(Stored records)
-.-.-
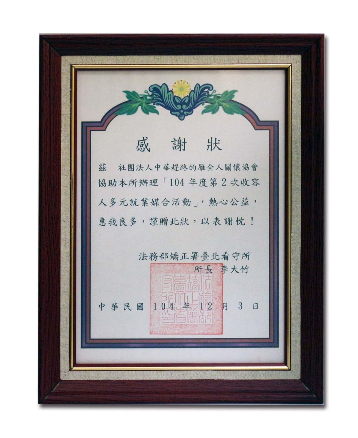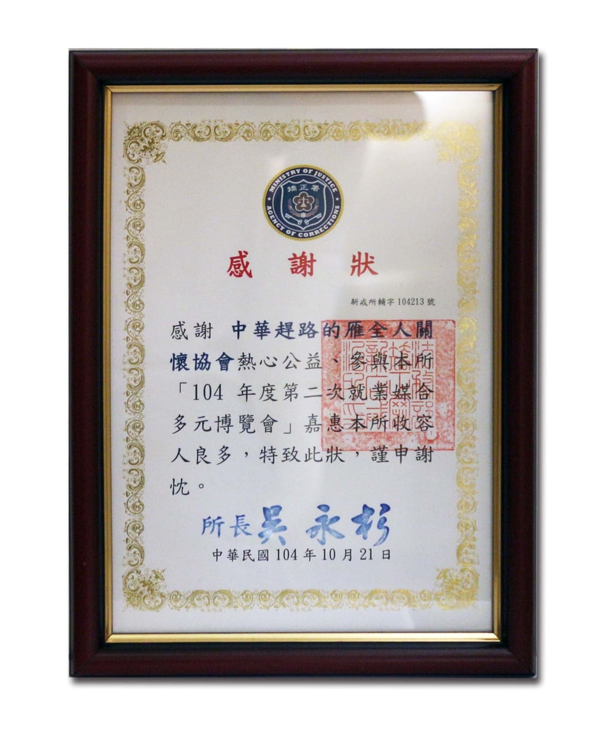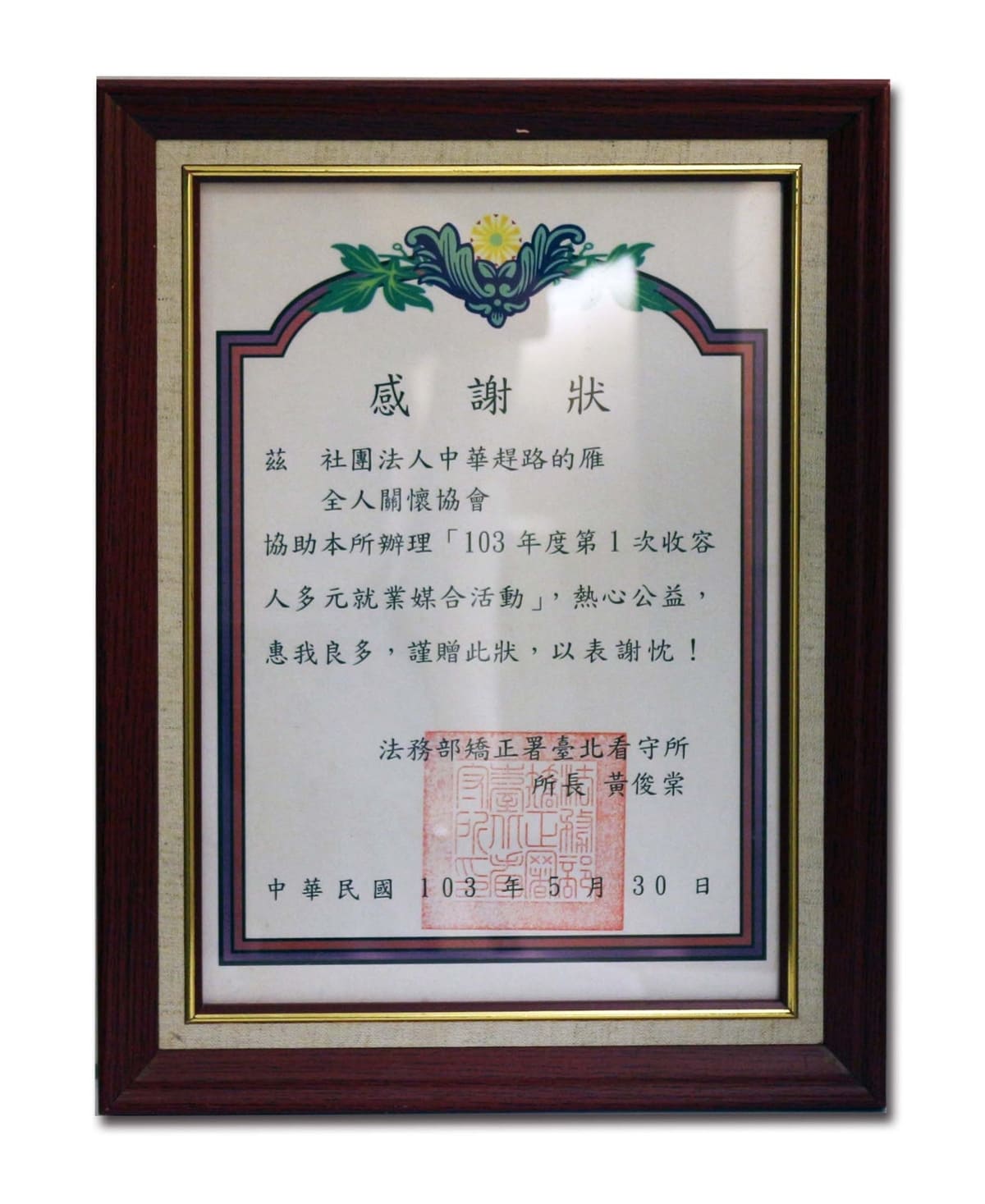 民國103年至114年士林更生保護會-績優合作單位
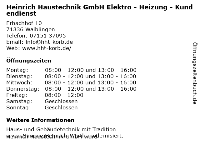 1 Heinrich Haustechnik GmbH Elektro - Heizung - Kundendienst (Entfernung: 2,57 km) Steinstr. 23, 71404 Korb 5 Autohaus Graf GmbH - Kundendienst & Teile und Zubehör (Entfernung: 6,51 km) Industriestraße 15, 71364 Winnenden 6 Blocherer & Steinhauser GmbH Elektro-Heizung-Sanitär Kundendienst (Entfernung: 7,01 km) Rainwiesen 8, 71686 Remseck |
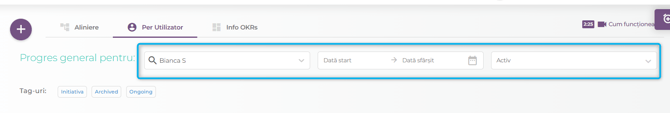 Odata ce pagina se deschide, vei vedea că filtrul implicit este setat pe contul cu care ești logat, fără perioadă sau taguri specifice, afișând OKRurile ce au statusul Activ..
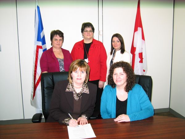 The Honourable Joan Burke, Minister of Education, signs the proclamation declaring February Inclusive Education Month. Pictured are: Front Row (L to R): Minister Burke; Sherry Gambin-Walsh, Community Inclusion Coordinator, Newfoundland and Labrador Association for Community Living (NLACL). Back Row (L to R): Darlene Nash, Business Manager, NLACL; Sharon Whalen, Department of Education; Jackie-Fewer-Bennett, Department of Education.
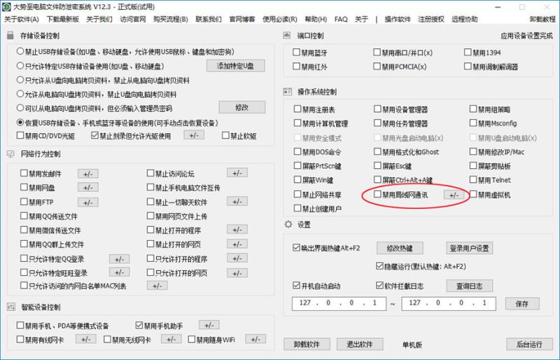 最终,我们找到了一款简单且好用的小软件,名字是大势至电脑文件防泄密系统(下载试用:http://www.grabsun.com/278_38.html),这款软件几乎不占用电脑资源,兼容性、稳定性都非常好,不会跟任何管理工具相冲突,安装在电脑中以后就无需再管了。大势至电脑文件防泄密系统支持所有主流的Windows操作系统,全部功能都在软件界面上,根据需要进行勾选,例如禁止飞鸽飞秋,我们只需勾选禁止“局域网通讯”即可,如图:
-.-.-
• **DIRECTIONS FOR THIS TASK**
The reply should hold only the lines running from the top of the records to the line containing "1 Heinrich Haustechnik", both included, copied exactly with no pictures.

• **ANSWER SECTION**
 民國103年至114年士林更生保護會-績優合作單位
 1 Heinrich Haustechnik GmbH Elektro - Heizung - Kundendienst (Entfernung: 2,57 km) Steinstr. 23, 71404 Korb 5 Autohaus Graf GmbH - Kundendienst & Teile und Zubehör (Entfernung: 6,51 km) Industriestraße 15, 71364 Winnenden 6 Blocherer & Steinhauser GmbH Elektro-Heizung-Sanitär Kundendienst (Entfernung: 7,01 km) Rainwiesen 8, 71686 Remseck |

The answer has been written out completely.